The opinion of the court was delivered by: John W. Sedwick United States District Judge
ORDER AND OPINION [Re: Motion at docket 200]
At docket 200, and as modified by the amended motion at docket 223, defendant Escobar moves for a reduction in his sentence pursuant to 18 U.S.C. § 3582(c) and the retroactive adjustment in the United States Sentencing Commission's guidelines applicable to crack cocaine offenses. The United States opposes the motion at docket 225. Escobar's reply is at docket 228. Oral argument was not requested and would not be of aid to the court.
Escobar pled guilty pursuant to a plea agreement to one count of attempting to possess cocaine with intent to distribute in violation of 21 U.S.C. § 846(a)(1). He also pled guilty to one count of unlawful re-entry by a previously removed alien in violation of 8 U.S.C. §§ 1326(a) and (b)(2). The drug conviction was based on Escobar's attempt to obtain a package containing 971.6 grams of powder cocaine and 19.6 grams of crack cocaine.

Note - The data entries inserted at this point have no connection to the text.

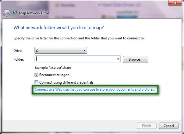 - click on Connect to a Web site that you can use to store your documents and pictures: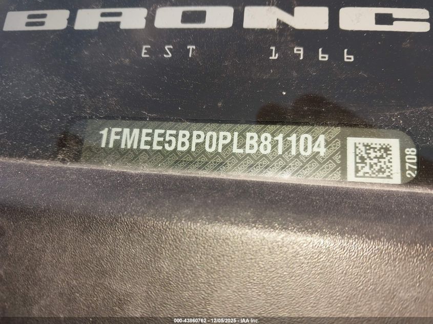 2023 FORD BRONCO 2023 року Бензин, 2.7, Полный привод, vin - 1FMEE5BP0PLB81104 из США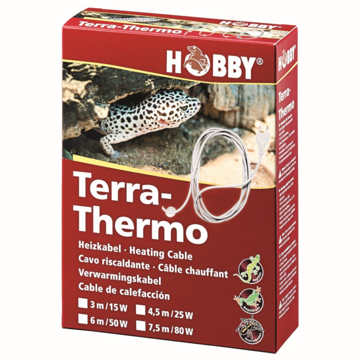 Terra-Thermo Heizkabel sind doppelt silikonummantelt und wasserdicht. Sie sollten nur mit ausreichend Bodengrund abgedeckt betrieben werden. HOBBY verfügt über eines der größten Terraristik Bodengrund Sortimente. Fragen Sie doch einmal Ihren Händler nach Terrano Bodengründen. Beim Auswechseln des Bodengrundes nehmen Sie zuerst das Heizkabel außer Betrieb, lassen es abkühlen und reinigen die Glasscheibe erst dann mit Reptix Des Reinigungsspray.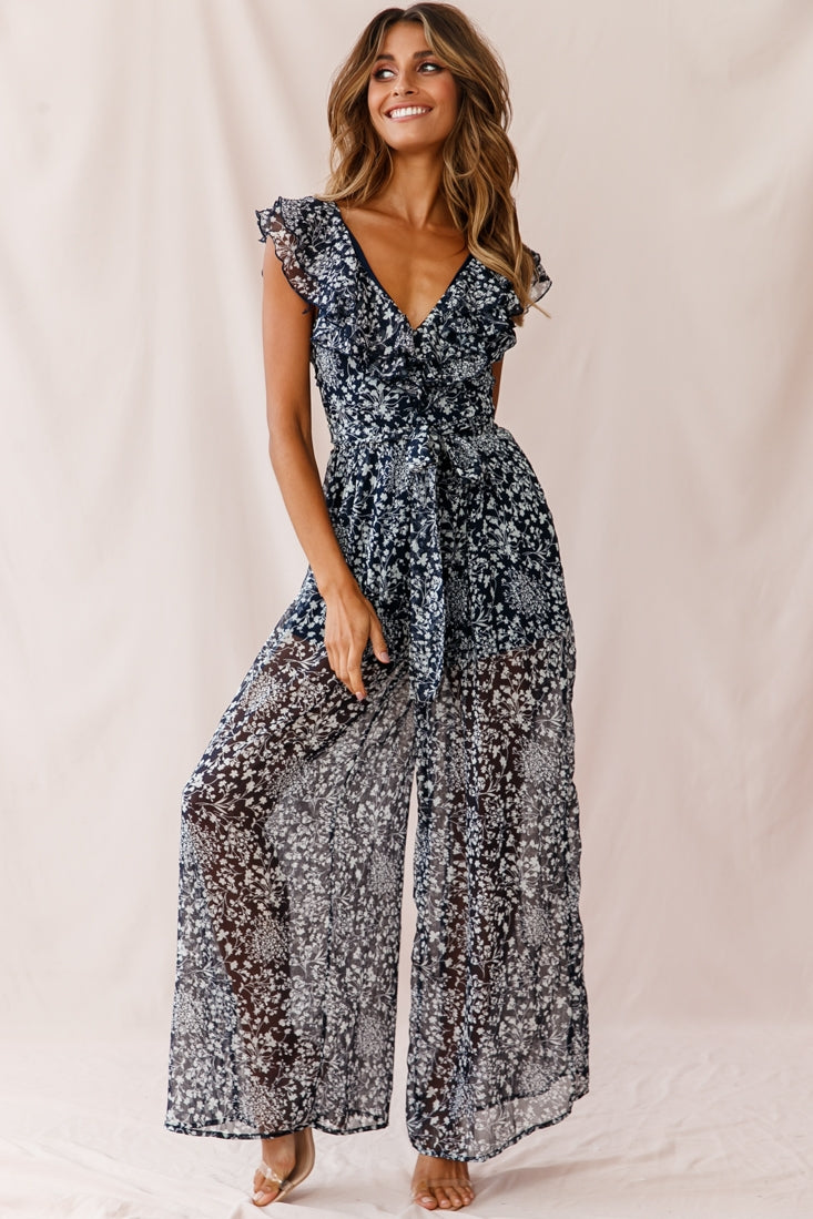 Marcia Ruffle Strap Wide Leg Jumpsuit Navy/White

The drug conviction drove the sentencing calculus under the Guidelines. Escobar had two prior felony convictions on controlled substance offenses, so he was subject to the Career Offender Guideline, § 4B1.1. There was evidence to support the proposition that all of the powder cocaine would have eventually been converted to crack cocaine, so in the PSR, it was calculated that Escobar's base offense level after applying the Career Offender Guideline was 37. However, the court declined to treat the powder cocaine as crack cocaine, so the resulting base offense level after application of the Career Offender Guideline was reduced to a level 34. With acceptance of responsibility pursuant to Guideline § 3E1.1, the offense level was 31. The court found that Category VI overstated Escobar's criminal history and departed to Category V. Combined with the offense level of 31, this provided a Guideline sentencing range of from 168 to 210 months. Escobar was sentenced to 168 months.

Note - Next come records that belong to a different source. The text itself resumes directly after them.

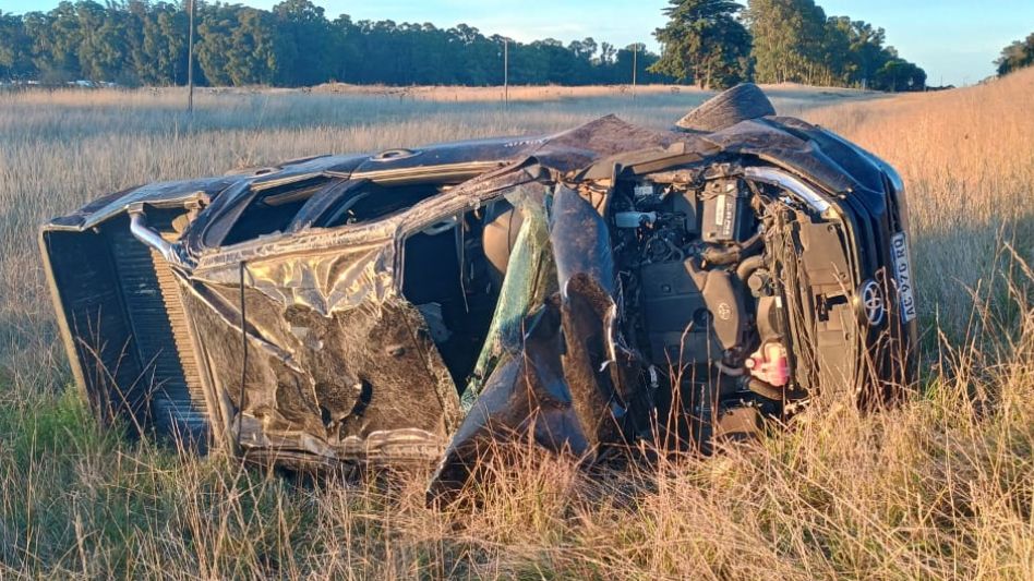Por motivos que se investigan, la camioneta en la que se trasladaba volcó en el Km.399 de la ruta 3, donde hay una curva muy pronunciada que ha dado lugar a varios accidentes, algunos de gravedad como este.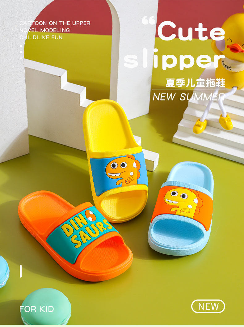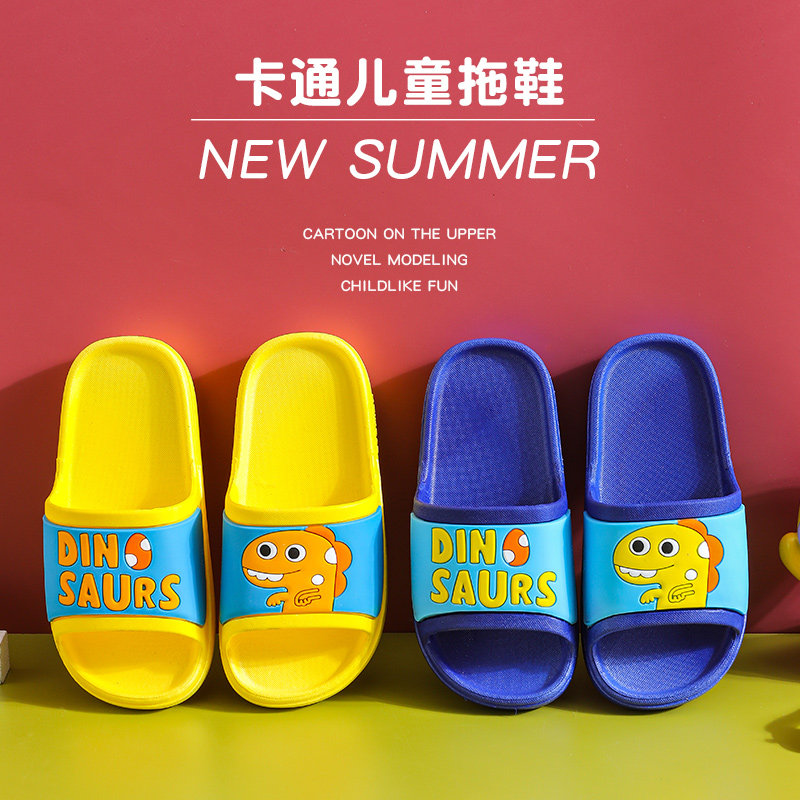 Детские тапочки для мальчиков, нескользящий мультяшный детский динозавр, мягкая подошва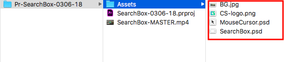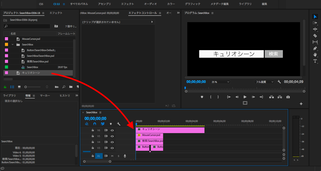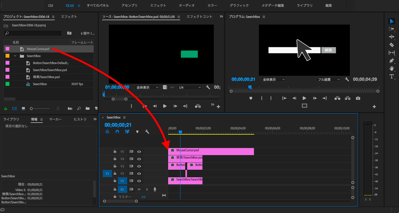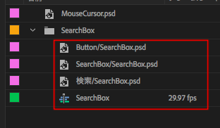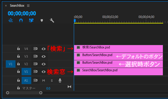 SearchBoxのシーケンスの中には先程Photoshopで使ったレイヤーがタイムライン上に現れるのですが、少し構造が変わってくるため注意が必要です。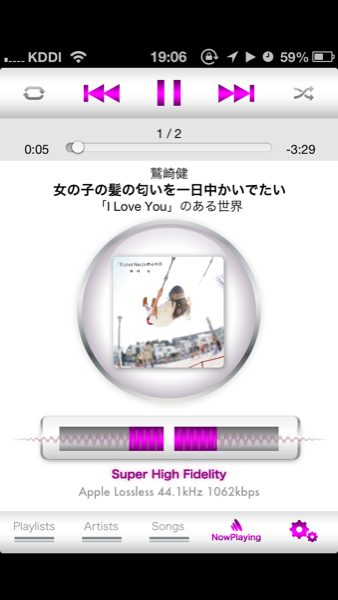再生中の画面。レベルメーターと再生中の音源の形式やスペックの表示が特徴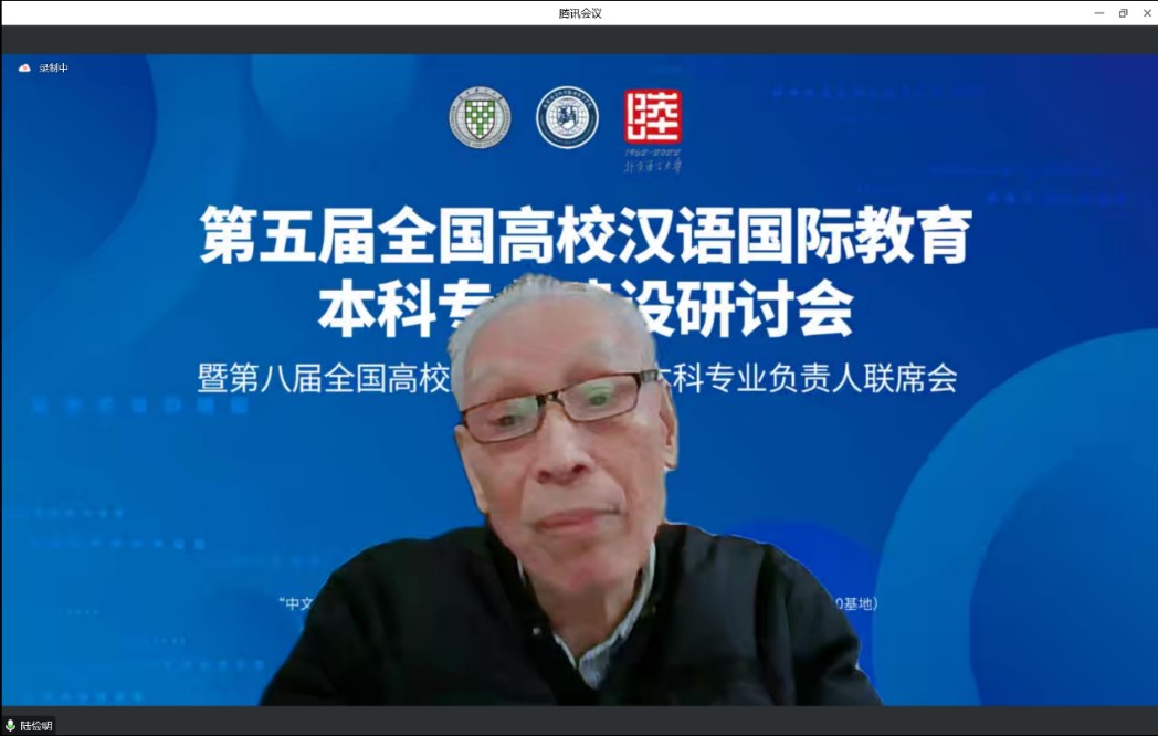 本届研讨会的主题为“新时代汉语国际教育本科专业的机遇挑战与创新发展”,继18日晚召开联席会主席团会议,就联席会重点工作做讨论部署及展望后,19日上午,大会开幕式隆重举行。教育部中外语言交流合作中心党委书记、主任马箭飞,北京语言大学校长、教育部中文教指委副主任刘利,天津外国语大学副校长余江,北京语言大学副校长聂丹,北京大学中文系教授、原世界汉语教学学会会长陆俭明,北京语言大学教授、原文化学院/教师进修学院院长刘珣等校内外领导嘉宾出席。开幕式由北京语言大学教师教育学院党委书记程娟主持。来自全国近50家高校、期刊、教育机构的近150位专家学者受邀参会并发表学术见解,另有逾200名师生齐聚云端、共襄盛举。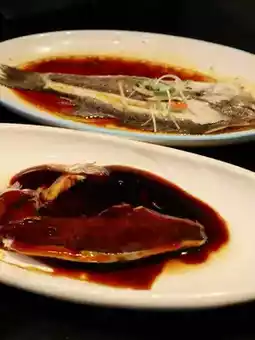 The fish is served in two flavors: sweet and sour, and oil and vinegar. I personally prefer the refreshing taste. The fish is tender and is a unique Hangzhou dish.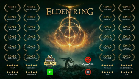 这是知名游戏制作人宫崎英高继《只狼:影逝二度》后,蛰伏三年推出的魂系大作,一经上线便迅速登上热搜并打破销量纪录,在线人数峰值达到了近90万人。同时参与评价的45家媒体均为《艾尔登法环》给出好评,其中多家媒体打出满分。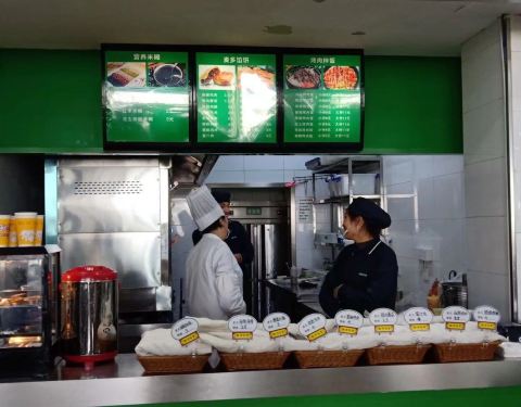 海洋大学这里的第四食堂个人感觉是学校里最好吃的啊,来这里吃饭的学生还是相当多的啊,这里的食堂品种很丰富吧比外面要好吃多了。

It is important to note that the court did not depart from the Career Offender Guideline with respect to the offense level. The reduction from level 34 to level 31 via the three-level adjustment for acceptance of responsibility is expressly sanctioned by the Career Offender Guideline. The court did, however, depart from the Category VI criminal history category dictated by the Career Offender Guideline to a Category V.
There is nothing in the new crack cocaine guidelines which would have any effect on the application of the Career Offender Guideline to the facts of Escobar's case.
First, regardless of whether the new or the old guidelines for crack are used to calculate the total drug quantity for which defendant is responsible, Escobar's Guideline range would be a level 31 based on application of the Career Offender Guideline after adjustment for acceptance of responsibility. This is plainly demonstrated by the fact that had Escobar been sentenced based only for the powder cocaine in the package (i.e., assuming there was zero crack cocaine), his Guideline base offense level would not have changed. Second, there is nothing in the new crack guidelines which has any bearing on defendant's criminal history score. The fact that the court eased the strictures of the Career Offender Guideline with respect to Escobar's criminal history category at the time of the original sentencing cannot be used now to yield a still lower criminal history category through application of the new crack guidelines. Thus, Escobar's Guideline sentencing range is not changed by application of the new crack cocaine guidelines. Furthermore, particularly in light of the seriousness of the offense, and the history and characteristics of the defendant, consideration of the factors identified in 18 U.S.C. § 3553(a) does not support a reduction in Escobar's sentence.
Escobar relies on a district court decision from Pennsylvania, United States v. Poindexter, 550 F. Supp. 2d 578 (E.D. PA 2008) to support his request for a lower sentence. The court does not find this persuasive. First, that case has no precedential value. Second, there is nothing in the Poindexter case which persuades this court that the analysis set forth above is incorrect. In Poindexter, the defendant had been sentenced at a Guideline offense level which was based on the quantity of drugs, not on the Career Offender Guideline from which the sentencing judge had departed. That is not what happened in this case. Escobar's sentence was based on the offense level determined pursuant to the Career Offender Guideline.
For the reasons above, the motion at docket 200 is DENIED.